Hadits berikut ini juga sudah tidak asing lagi buat kita, yaitu Rasulullah SAW melarang kita duduk-duduk di jalan, kecuali bila kita memberikan hak-hak kepada para pengguna jalan.

Dari Abu Said Al-Khudri radhiallahuanhu bahwa Nabi SAW bersabda:

إِيَّاكُمْ وَالْجُلُوسَ فِي الطُّرُقَاتِ قَالُوا يَا رَسُولَ اللَّهِ مَا لَنَا بُدٌّ مِنْ مَجَالِسِنَا نَتَحَدَّثُ فِيهَا قَالَ رَسُولُ اللَّهِ صَلَّى اللَّهُ عَلَيْهِ وَسَلَّمَ فَإِذَا أَبَيْتُمْ إِلَّا الْمَجْلِسَ فَأَعْطُوا الطَّرِيقَ حَقَّهُ قَالُوا وَمَا حَقُّهُ قَالَ غَضُّ الْبَصَرِ وَكَفُّ الْأَذَى وَرَدُّ السَّلَامِ وَالْأَمْرُ بِالْمَعْرُوفِ وَالنَّهْيُ عَنْ الْمُنْكَرِ

“Hindarilah duduk-duduk di pinggir jalan!” Para sahabat bertanya, “Wahai Rasulullah bagaimana kalau kami butuh untuk duduk-duduk di situ memperbincangkan hal yang memang perlu?’ Rasulullah SAW menjawab, “Jika memang perlu kalian duduk-duduk di situ, maka berikanlah hak jalanan.” Mereka bertanya, “Apa haknya?” Beliau menjawab, “Tundukkan pandangan, tidak mengganggu, menjawab salam (orang lewat), menganjurkan kebaikan, dan mencegah yang mungkar.” (HR. Muslim)

Di antara hak-hak para pengguna jalan yang wajib kita tunaikan sebagaimana disebutkan di dalam hadits di atas adalah kita tidak boleh mengganggu perjalanan mereka. Kalau di zaman sekarang, di ibu kota Jakarta, bentuk dari istilah mengganggu itu tidak lain adalah kemacetan jalan.

Sebab jalan itu dibuat memang untuk orang lewat. Kalau sampai jadi macet tidak karuan, gara-gara kita bikin tabligh akbar, maka sebenarnya ini perlu dievaluasi ulang secara serius. Benarkah tabligh akbar ini diselenggarakan demi menegakkan syiar Islam? Kalau benar, lalu bagaimana dengan hak-hak para pengguna jalan?

Bikin macet jalanan saja sudah merupakan larangan yang ditegur keras oleh Rasulullah SAW, apalagi bila sampai kita menutup jalan. Tentu ini lebih parah lagi.

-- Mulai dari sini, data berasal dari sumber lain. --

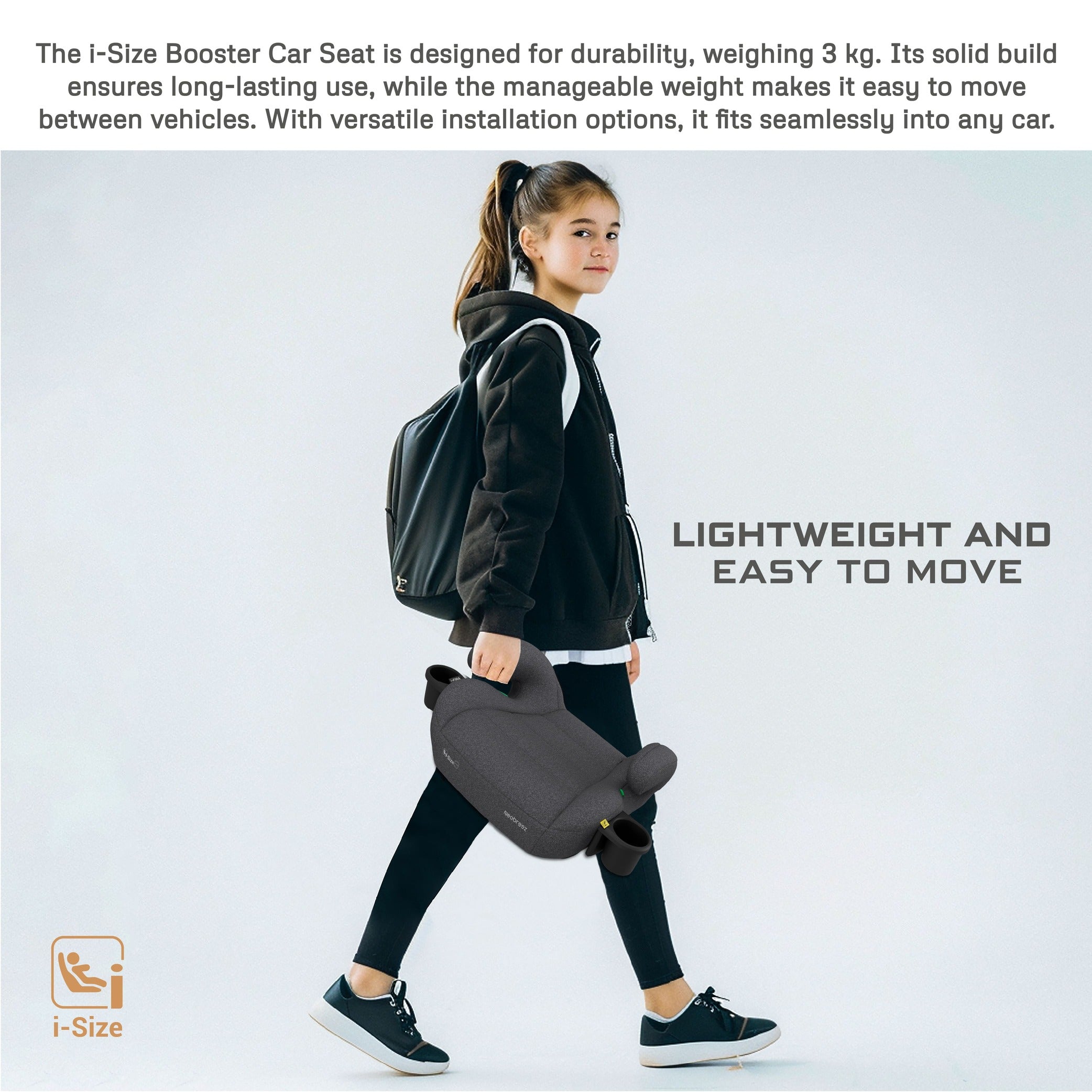 Upgrade your child's car safety with the Neobreez i-SANFARO i-Size Isofix Booster Seat. Perfect for kids 125-150 cm (approx. ages 6-12 years), this lightweight booster car seat (just 3 kg) offers ultimate portability for busy families, fitting easily in any car with or without ISOFIX. Certified to ECE R129 i-Size standards, it ensures optimal seat belt placement for maximum protection on every ride, giving parents peace of mind. The backless booster car seat Plush foam padding, ergonomic armrests, and soft, breathable fabric keep your child comfortable on both short commutes and long journeys. The portable booster car seat for kids includes removable cup holders for convenience and a machine-washable cover for easy cleaning. Make every ride safe and cozy with this top-rated, easy-to-install kids booster car seat that adapts to modern and older vehicles alike. The Neobreez travel booster car seat is your go-to solution for reliable, comfortable, travel-friendly child car safety. Perfect for growing kids, school runs, and road trips.Grey
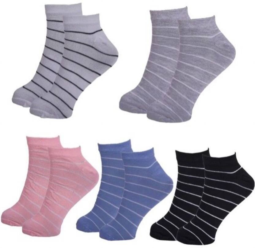 Step up your style and comfortable with the bahuzo Men & Women Self Design Ankle Length Socks. This versatile pack of 5 features a mix of solid colors, stripes, and playful prints, making them perfect for any casual occasion.

Niat Baik Panitia dan Penyelenggara

Namun kita juga harus imbang dalam menilai setiap masalah. Saya termasuk orang yang yakin bahwa para panitia dan penyelenggara tabligh akbar sudah tahu bahwa menutup jalan atau bikin macet jalan itu hukumnya dilarang oleh Rasulullah SAW.

Namun dalam alam nyata ini, saya tahu persis bahwa para panitia dan pengurus tabligh akbar pasti agak kesulitan mendapatkan lokasi yang strategis namun sekaligus mampu menampung jamaah yang membeludak. Sebab di Jakarta yang sangat padat dan sempit ini, sulit sekali mencari lokasi yang lapang macam di kampung halaman sana.

Salah Satu Solusi : Tabligh Akbar di Shubuh Hari

Oleh karena itu, mungkin perlu dicarikan solusinya, biar tabligh akbar tetap bisa berlangsung dengan syiar, dipenuhi jamaah yang bersemangat menegakkan agama, tetapi di sisi lain masyarakat tetap mendapatkan hak-hak mereka, khususnya agar tidak terjadi penutupan jalan atau kemacetan dimana-mana.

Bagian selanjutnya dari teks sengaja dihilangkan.